Depth of Field Tutorial

I'm not only hoping that you will look at this blog and gain a greater appreciation for my work, but that I'll also be able to share some secrets of the trade with you. On the surface that may seem counter productive. Giving trade secrets away, but I'm not giving you ALL my secrets.

For starters, we'll do a short series on making your everyday pictures better.

Ever wonder why a paid photographer's pictures look .... uhhh good? It's because they have a grasp on a lot of simple concepts and they put them together.

One of those techniqus is depth of field.

Last night I got the chance to shoot two images of the same person at the same time. The only difference between the two pictures was that I changed the depth of field (DOF) or "F-Stop", on my camera. Well, that and my subject is 6 and she moved between shots!

In this first image, you will notice that this picture looks a lot like many of the pictures you take at home. It was shot at an f-stop of 22, which means the little diaphragm in the camera was about the size of a pin hole. It let in very little light, BUT, it captured tons of detail BEHIND my subject. The DOF ( of view ) is very deep.

As a result my subject is competing with the objects behind her - the curb, the shrubs, the flag poles and buildings behind her.

Now, take a look at this image. It was shot with an f-stop of f4. A much lower f-stop, which means the little diaphragm thingy is wide open letting in as much light as it can on this camera with this lens. As a result, my subject is sharp, but my background is blurry. I've effectively isolated my subject, but given you an idea of where she is, but they are not competing for attention.

The result is an image focused on the subject and not the surrounding.

The trade offs ...

If I was wanting to shoot a landscape I would not want a shallow DOF. Also, if I have multiple subjects at differing distances from each other I would not want a shallow DOF. Also, because we are letting so much light in with the f-stop thingy, we have to let the shutter open on our camera a longer amount of time. If we leave the shutter open longer we are more prone to what I call "shake" which is nothing more than a blurry image.

This makes sports at night REALLY hard to shoot because you want to get the football player ( stop his action ) catching the pass 20 yards from the sideline ( deeper DOF ), BUT you don't want to have the visiting fans in focus ( shallow DOF ). Plus it's dark and you have to slow the shutter speed down to let in light, AND they are moving ... I'm getting a headache. But those guys are good at what they do.

So how do I get a shallow DOF with my little point and shoot?

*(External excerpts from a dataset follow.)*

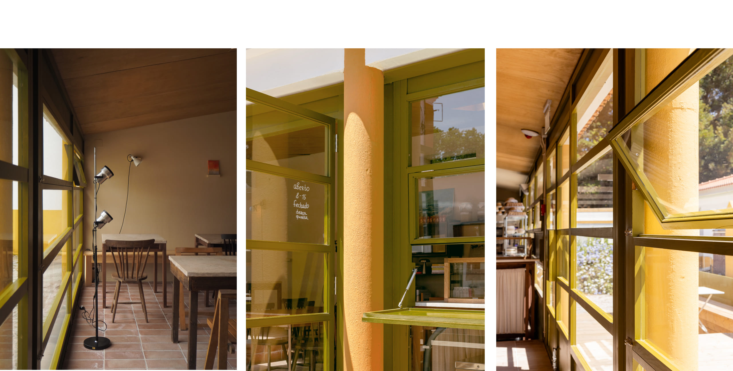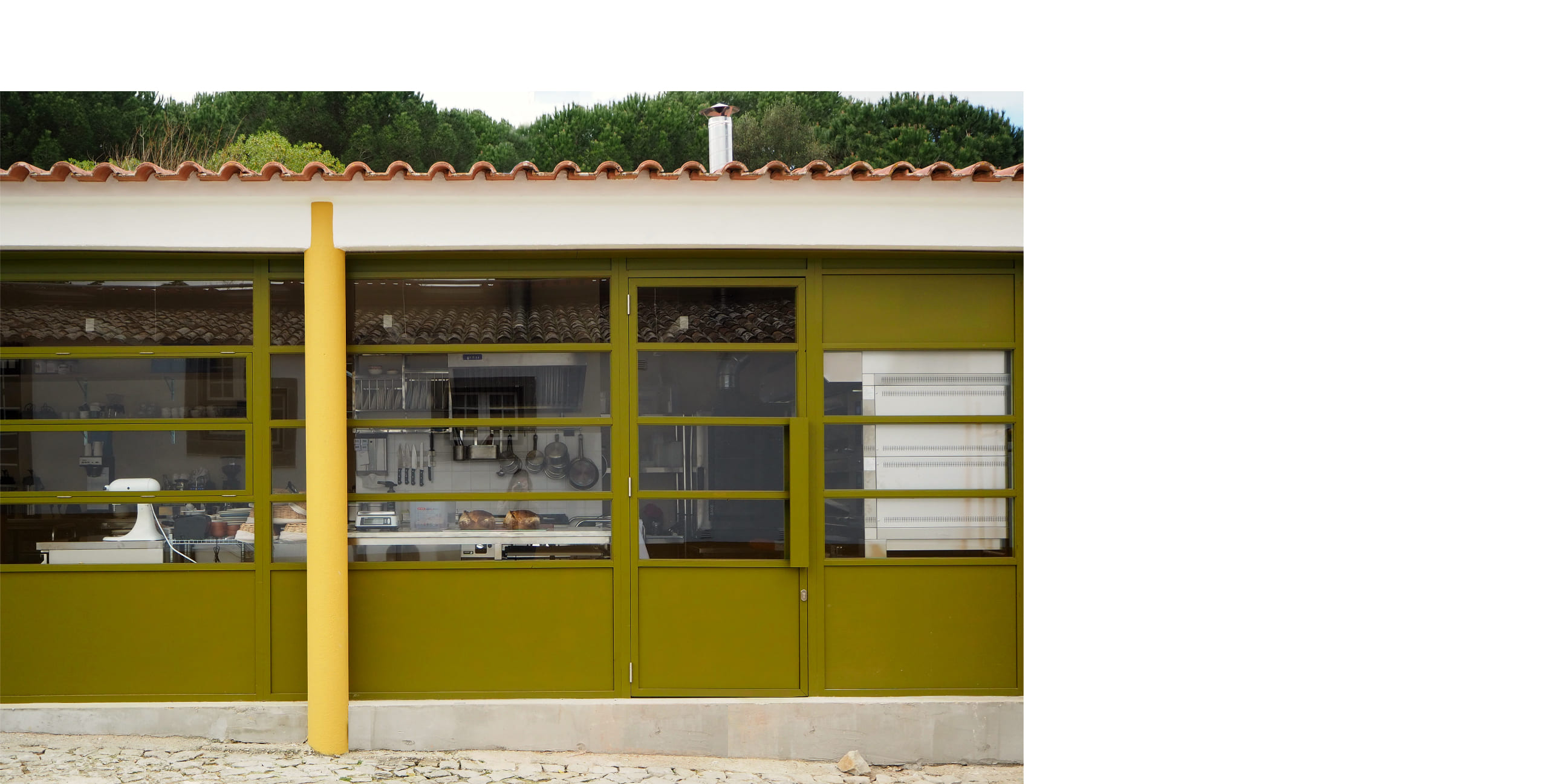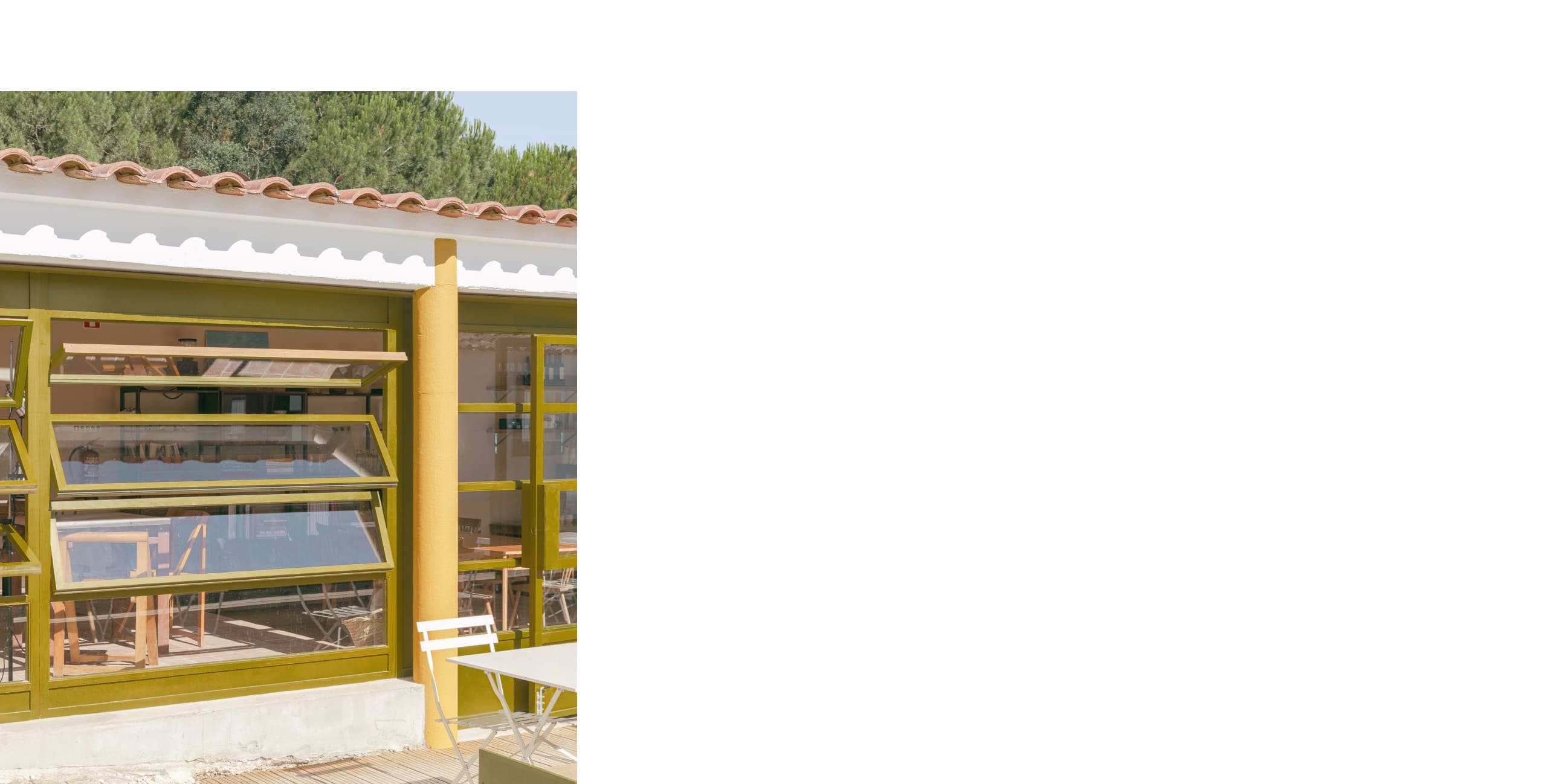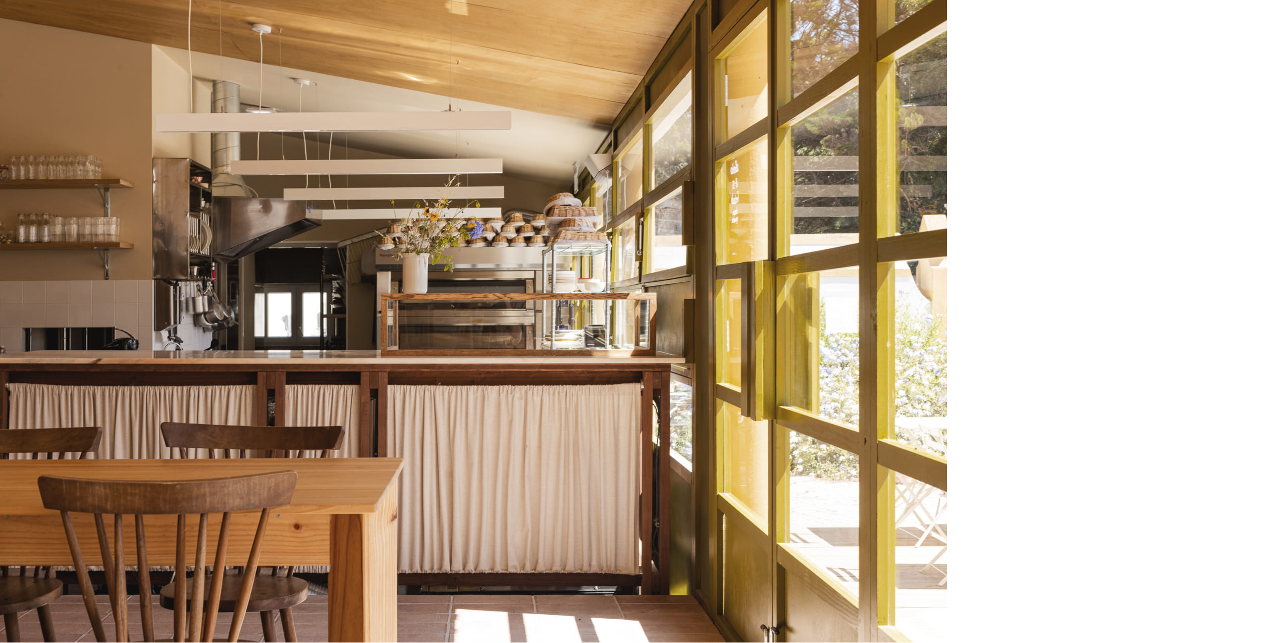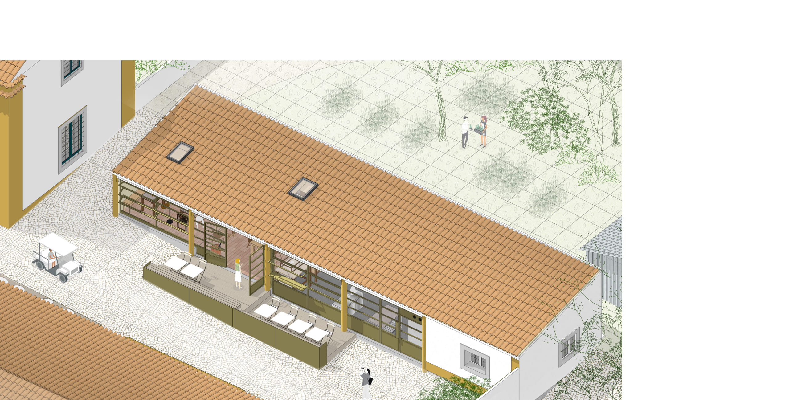 The bakery, realized as the first phase, exemplifies this approach. The new façade is realized as an independent and continuous timber structure, positioned behind the existing columns without touching them, articulating the building’s new function as something deliberately "inserted" into the old body of the structure. Its perforations offer multiple configurations of openness and closure, further articulating the independence of the new construction. The chosen palette acknowledges the quinta’s material character while asserting its contemporary identity through difference rather than mimicry. Inside, the plan is structured around an open kitchen, foregrounding the performative act of baking as both hospitality and craft.
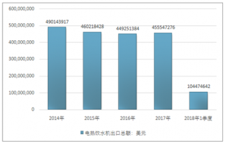 2016年我國(guó)電熱飲水機(jī)出口總額449251384美元,2017年出口總額455547276美元;2018年1季度出口總額104474642美元。
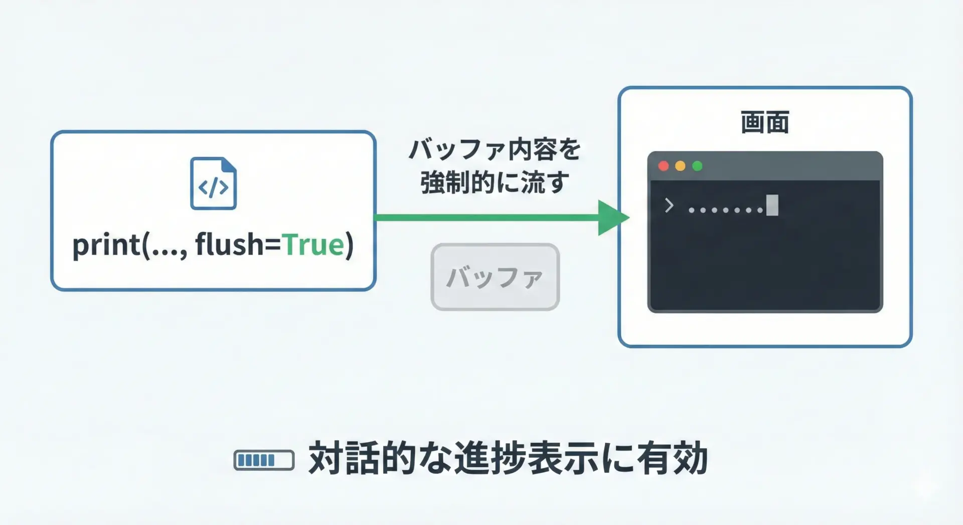print関数にはflush引数があり、これをTrueに設定すると、そのprintの出力直後にバッファを強制的にフラッシュします。
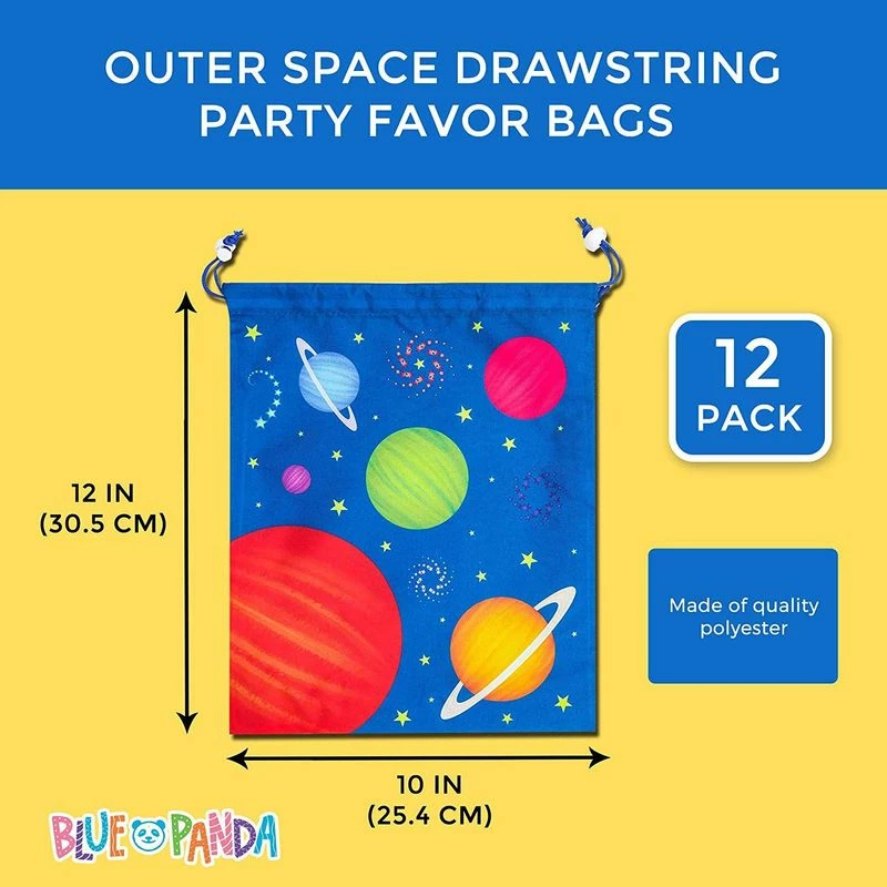 12 Pack Drawstring Party Favor Bags -Outer space
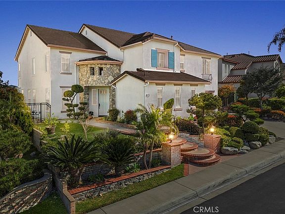 Stunning VIEW of the mountains & citylights, nestled in the prestigious GATED golf course community of "Westridge" offering direct private path to the Westridge Golf Club. This exclusive home perched atop a scenic outlook presents an attractive open floorplan, featuring soaring ceilings and bright, airy interior with expansive windows inviting plenty of refreshing natural light to illuminate light & bright ambiance throughout. Featuring MAIN-LEVEL BEDROOM with ensuite bath flows beautifully from the elegant formal living room with cathedral ceilings and gorgeous chandelier, adjacent formal dining with large picture window, chef's kitchen with island opening out to a massive family room and breakfast nook with intimate fireplace, direct backyard access peer out to an expansive view of endless stretches of sky under private gazebo for relaxing or dining al fresco. Sweeping staircase leads to 4 additional bedrooms including the primary suite with spectacular views of dazzling lights and snow-capped mountain during winter, boasting additional retreat area for seating or office, large dual walk-ins and double-sink in primary bathroom with separate shower and soaking tub for ultimate relaxation. All bedrooms boasts ample space including 3 en-suite bath and 1 Jack & Jill, and convenient 3-CAR GARAGE offering great potential to suit various lifestyles. Take advantage of the premium location with endless shopping & dining options (Westridge Plaza, Trader Joe's, Regal Cinema, Sprouts Market, Lowes, and Costco), just moments away from three distinguished golf courses—Westridge, Coyote Hills and Los Coyotes. Welcome home!
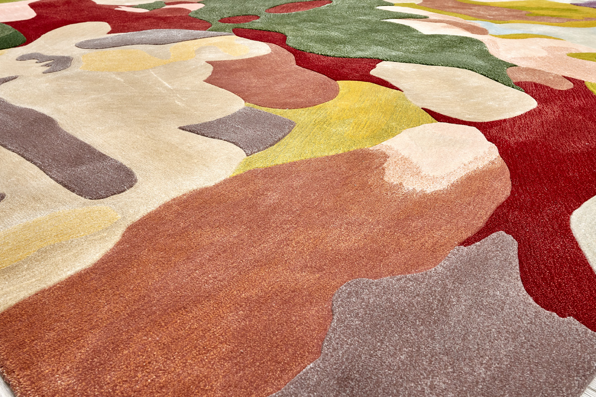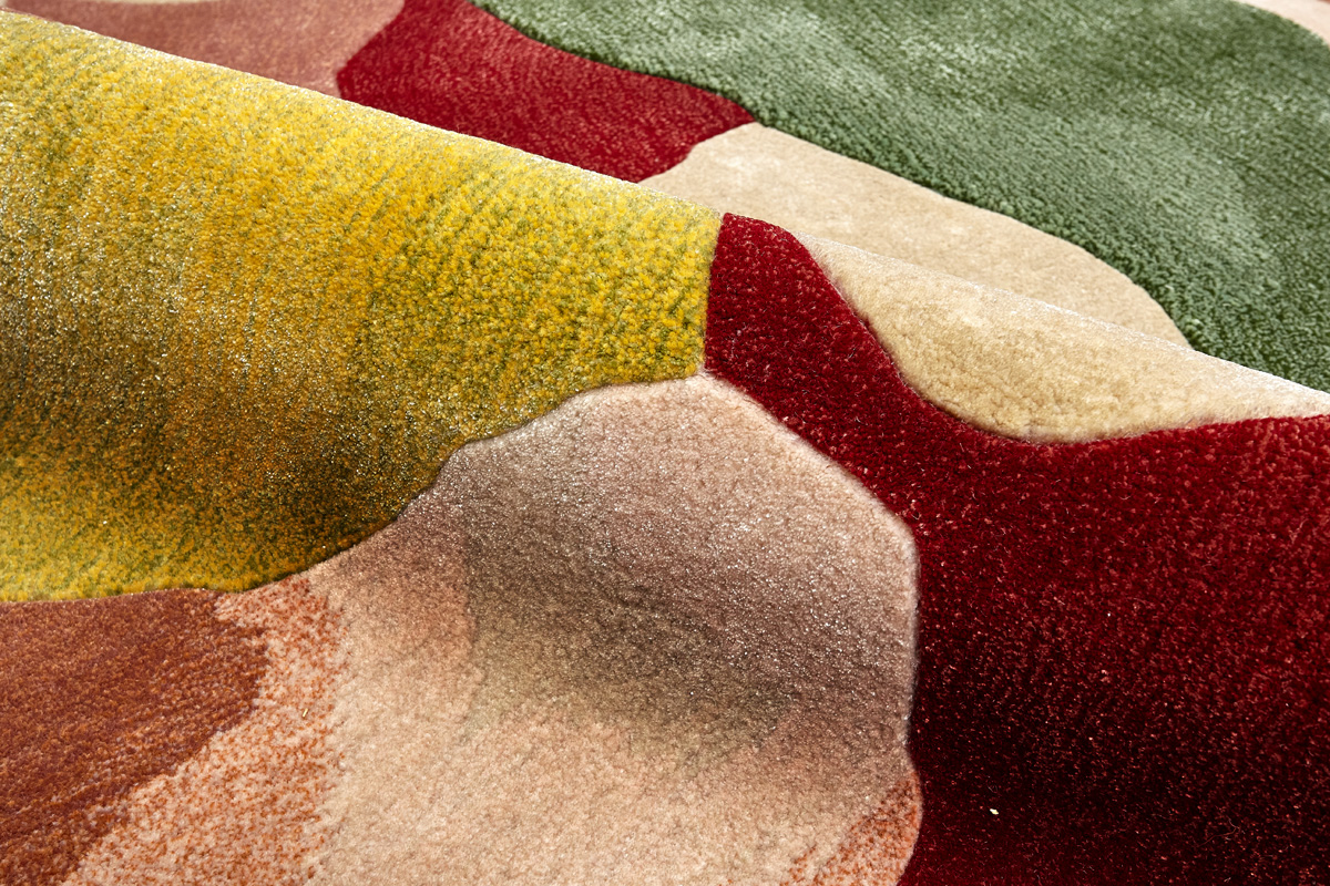 Дизайн ковров напоминает современные полотна художников-абстракционистов и производит столь же яркое и незабываемое впечатление в интерьере. Живописный эффект и необычная фактура зависят от выбора материала: натуральной шерсти, шёлка и от их сочетаний друг с другом. Ковры ткутся вручную в лучших мастерских Индии и Пакистана.
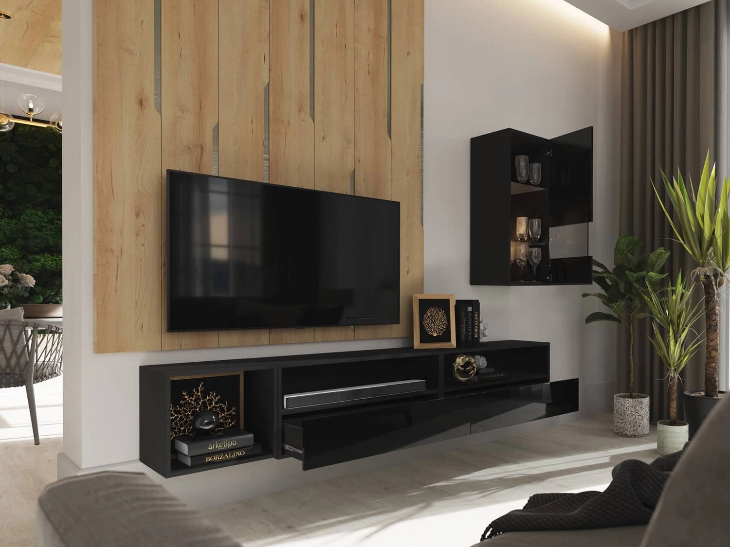 Paleo černá / černý lesk Minimalistický design nástěnné skříňky do obývacího pokoje nebo zasedací místnosti Systém push to open
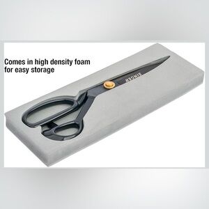 Sturdy 10” tailor scissors easily cut dressmaking fabrics and heavy cloth
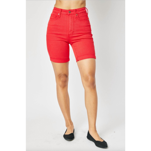 Embrace the perfect blend of comfort and style with these fashionable women's Bermuda shorts, expertly designed to offer a flattering fit and versatile wear.These Garment Dyed Tummy Control Bermuda Shorts feature pockets and a zip closure. They are made from 93% cotton, 6% polyester, and 1% spandex. The rise is 11', with a 7.25' inseam when cuffed and 9.25' inseam when uncuffed.
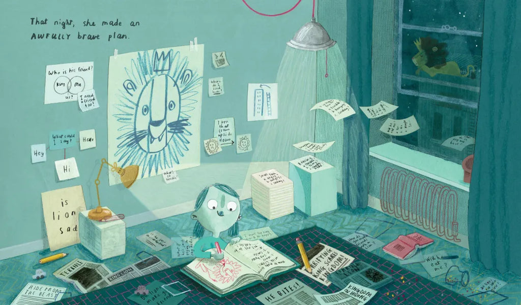 The lion is King and everyone in his kingdom is happy. Everyone, that is, except King Lion himself. The king feels lonely and decides he needs a friend. He tries everything: roaring “hello”, waving his paws, flashing a smile and even cracking a joke. But everyone just runs away. Then, feeling lonelier than ever, the king climbs up the tallest tower in his kingdom and roars and roars and ROARS! Now no one in the kingdom is happy. Until a little girl sees the king and comes up with a very brave plan to help him. A joyful, touching and vibrantly illustrated story.

A typical point and shoot camera will have something called a "portrait" mode and on the little selection wheel you will probably see something like a lady with a hat. That seems to be the universal symbol for portrait.

To set a shot up with a simple digital camera, set to portrait

  • Give yourself as much room behind the subject as possible ( if there is a wall behind the subject it will be in focus, things farther away will be blurry).
  • Get your subjects as close together as possible and fill the view finder with the subject.
  • Try to shoot with light that is not too harsh, but not too dark that it fires your flash. If possible shoot in the shade if its the middle of the day. A flash requires the camera fire at certain parameters which could change your DOF.